High level of endothelin-1 contributes to subchondral bone disturbance in knee osteoarthritis

Abstract

Knee osteoarthritis (OA) is a pervasive degenerative joint disease and a prominent cause of disability in the elderly population. Hypertension is a common comorbid condition in knee OA, and increasing evidence has supported the role of the vasoconstrictor endothelin-1 (ET-1) in OA pathogenesis and progression. The hypothesis is that high level of vascular ET-1 is a shared pathomechanistic factor between OA and comorbid hypertension. To examine the impact of vascular ET-1 level on subchondral bone disturbances in relation to hypertension, a cohort of knee OA patients was recruited. Plasma ET-1 level and subchondral bone microstructure were examined using enzyme-linked immunosorbent assay (ELISA) and micro computed tomography (micro-CT). High plasma ET-1 level in our cohort of knee OA patients was associated with coexisting hypertension after adjusting the patients’ age, gender, body mass index and severity of

OA, and hypertensive OA patients displayed more porous subchondral bone plate and more sclerotic trabeculae.
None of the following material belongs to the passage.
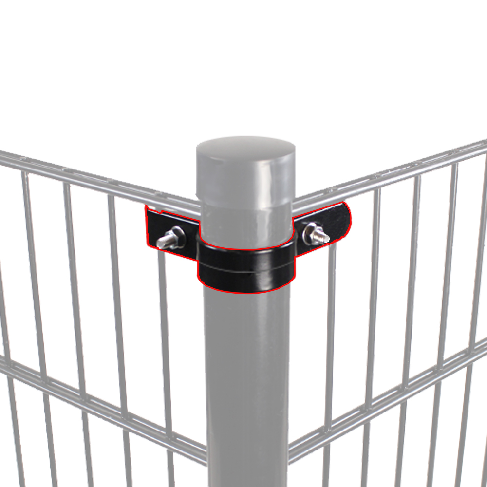 - Plastic long-lipped corner clamps for wire mesh fence panels are available for round fence posts of Ø60mm
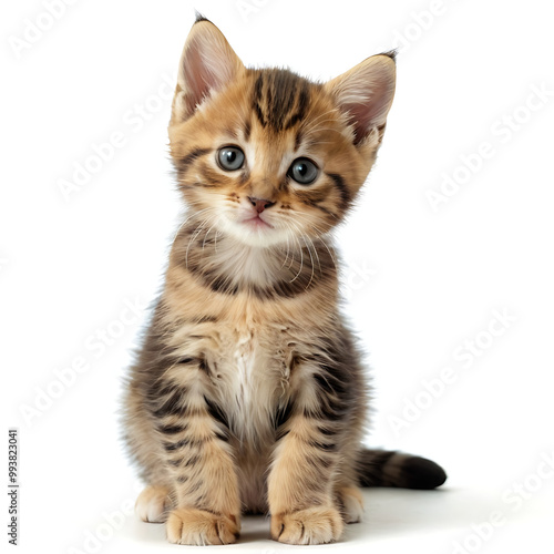 Obraz premium An adorable tabby kitten with captivating blue eyes sits attentively on a white background. Perfect for pet-related content, advertising, or websites

To examine the in vitro impact ET-1 on gene expressions of osteoblasts, tissue culture of OA and healthy osteoblasts was performed. In OA osteoblasts, the expression of EDN1 was found to correlate with COL1A1 and COL1A2 expression. Exogenous treatment of ET-1 stimulate healthy osteoblasts to increase production of the inflammatory cytokines IL-1β and matrix metalloproteinases (MMPs) responsible for degrading extracellular matrices, as well as the higher ratio of COL1A1 to COL1A2 expression, mimicking the gene expression pattern of OA osteoblasts. To investigate the impact of vascular ET-1 on subchondral bone in vivo, transgenic ET-1 overexpressing (TET) mice model with endothelial cell-specific ET-1 overexpression was used. The microstructure of subchondral bone was examined using micro-CT. TET mice exhibited the more porous subchondral bone plate and more sclerotic trabeculae, a similar pattern of subchondral bone disturbances found in hypertensive OA patients. All in all, elevation of vascular ET-1 level was found to be associated with comorbid hypertension and induce subchondral bone disturbance in the form of more pronounced perforation of subchondral bone plate, as well as more sclerotic subchondral trabecular bone. This is likely due to the stimulatory effects of high level of ET-1 that shifts the osteoblasts to a pathologically activated phenotype that promotes remodelling and sclerosis.